Country of the World Japan
About the country Japan, its location, size, population, leaders and rulers.
NATIONS AND THEIR RULERS
Lay of the Land: Japan is an island nation, forming a 2,000-mi, archipelago along the coast of east Asia. Of its 3,330 islands, about 500 are inhabited; the four main islands are Hokkaido in the north, Kyushu and Shikoku in the south, and the large, heavily populated island of Honshu in the center. The terrain is generally mountainous, sprinkled with volcanoes such as the sacred, 12,000-ft. Mt. Fuji. Only one fifth of the land is suitable for cultivation or urban development.
Size: 143,750 sq. mi. (372,313 sq.km.).
Population: 115 million.
Who Rules: Japan is a constitutional monarchy, governed by a bicameral national parliament called the Diet. The 511-member Lower House and 252-member Upper House are both elective. The Liberal Democratic party (LDP), which has been in power since W.W. II, holds bare majorities in both houses. The LDP itself formally consists of several factions, which contest for leadership of the party and thus control of the national cabinet.
Emperor Hirohito, a direct descendant of Jimmu Tenno, the first emperor of Japan, has held the throne since 1926. Under the post-W.W. II Japanese constitution he has formal responsibilities and powers similar to those of the British monarch. At the end of the war, he renounced his "divinity," the traditional claim of Tenno's Yamato dynasty.
Who REALLY Rules: The ruling Liberal Democrats are neither liberal nor particularly democratic. The LDP is quite openly part of Japan's big business establishment. In Japan, perhaps more than in any other industrial capitalist nation, the interests of the major corporations and the national government are closely integrated. Westerners call the result "Japan, Inc." Corporations adopt their own LDP candidates for the Diet. Corporate leaders participate in government policy discussions and the government works to rationalize the economy through financing, as well as close supervision, of the private sector. Members of the business elite, or Zaikai, do not take government posts as their U.S. counterparts often do. Rather, they exercise their influence through organizations such as Sanken (Industrial Problems Study Council) and Keidanren (Federation of Economic Organizations).
Japan's political leadership is from a social elite, consisting primarily of graduates from seven universities.
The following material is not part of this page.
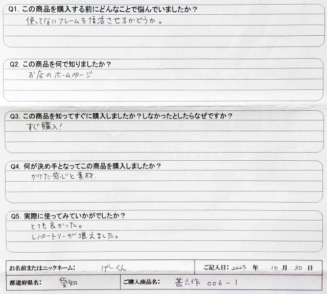 Q1. この商品を購入する前にどんなことで悩んでいましたか? 使ってないフレームを復活させるかどうか。 Q2. この商品を何で知りましたか? お店のホームページ Q3. この商品を知ってすぐに購入しましたか?しなかったとしたらなぜですか? すぐ購入! Q4. 何が決め手となってこの商品を購入しましたか? かけた感じと素材 Q5. 実際に使ってみていかがでしたか? とても良かった。 レパートリーが増えました。 |

Seven of its 12 prime ministers since W. W. II have been graduates from the Todai (Tokyo University) law department, and the top leaders of the Japanese Communist and Socialist parties are also from Todai.
Compared to Europe, Japan's economic leadership is relatively independent of the U.S., but America has residual influence, both through its well-equipped troops in Japan and through U.S. corporate domination of Japan's sources of fuel and other imported natural resources.
The U.S. operates 33 primary military bases in Japan and Okinawa and 125 support facilities. There are 45,000 U.S. troops stationed in Japan. Since 1973, the U.S. has home-ported the aircraft carrier Midway at Yokosuka, not far from Tokyo. Despite the antimilitary provision in the Japanese constitution, Japan maintains air, land, and sea "self-defense" forces totaling more than 238,000 men, and domestic critics have pointed out that the forces have enough officers to expand the force with ease to a much larger size.
Payoffs by America's Lockheed Aircraft Corporation led to an earthshaking scandal in 1976-1977. Lockheed channeled funds to top Japanese officials to arrange the sale of its L-1011 Tri-Star jets to All Nippon Airways. Former Prime Minister Tanaka Kakuei was arrested for allegedly taking bribes. Right-wing political godfather Kodama Yoshio, one of the founders of the Liberal Democrats, was charged with receiving huge payments from Lockheed. And many influential businessman--including Osano Kenji, who has extensive properties in Hawaii--have been implicated as well. The scandal is the chief reason why the LDP, after years of comfortable majorities, nearly lost its control of the Diet.
Japan's largest ethnic minority, Koreans, faces discrimination on the largely homogeneous islands, but an even larger group of ethnic Japanese faces centuries-old prejudice. There are as many as 3 million social outcasts called Burakumin, people whose backgrounds are registered in their hometowns. The Burakumin are distant descendants of beggars or butchers and hide tanners (impure tasks according to Budhism and Shintoism). Despite legal reforms intended to improve their position, Burakumin are discriminated against in employment and marriage, and many are forced to live in urban slums.